The Cause of Human Brain Size Continues to Enlarge

A study found that the size of the human brain continues to grow larger than the size of our ancestors three million years ago.

The size of the human brain itself is three times larger than the species of relatives of chimps and bonobos (pygmy chimps).

The study, published in the journal Proceedings of the Royal Society B, analyzed 94 hominin fossils, one of the 'branches' of humans with the genus Homo.

The results show that brain size increases slowly and consistently due to the evolution of populations where large-brained species are becoming known and small-brained species are becoming extinct.



A study found that the size of the human brain continues to grow larger than the size of our ancestors three million years ago.

"Brain size is one of the most obvious traits that make us human because it deals with the complexity of culture, language, tool making and all the other things that make us unique," said Andrew Du of the University of Chicago and first author of the study.


He added that earlier hominins had the same brain size as chimpanzees and continued to experience drastic increases.

The researchers compared the skulls of 94 fossil specimens with 13 different species, beginning with the earliest human ancestors emerging.

Two of them are Australopithecus which is a pre-modern species of 3.2 million years ago and Homo erectus that existed 500,000 years ago, when brain size began to overlap with modern humans.

The researchers saw that when the species were counted at the clade level, or the group that descended from the same ancestor, the average brain size gradually increased over a period of three million years.

A study found that the size of the human brain continues to grow larger than the size of our ancestors three million years ago.

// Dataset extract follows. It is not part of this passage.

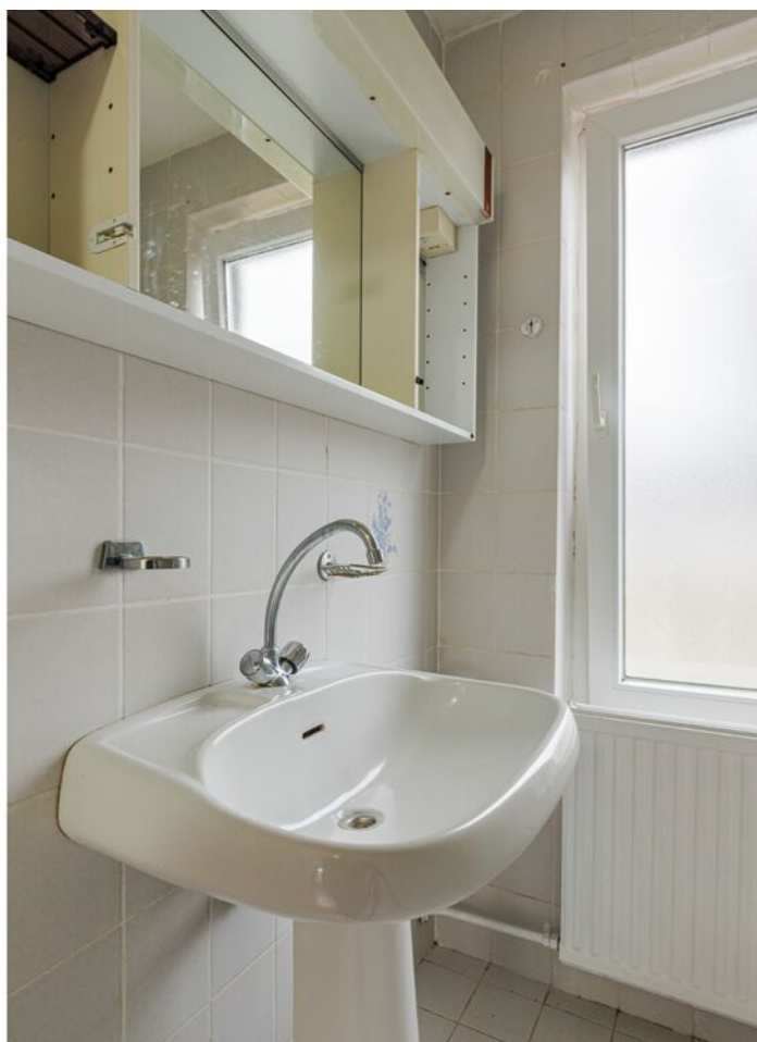
Doctor Berlagelaan 64, Eindhoven

The increase is driven by three different factors, mainly due to the evolution of larger brain sizes in the population of individual species. The addition of new species with larger brains and extinction in smaller brained species is also influential.

"Conventional wisdom says that our big brains have evolved because of a series of steps our ancestors are more intelligent. Not surprisingly it turns out the reality is more complex, with no clear relationship between brain size and behavior," says Bernard Wood, Professor at George Washington University and author senior study.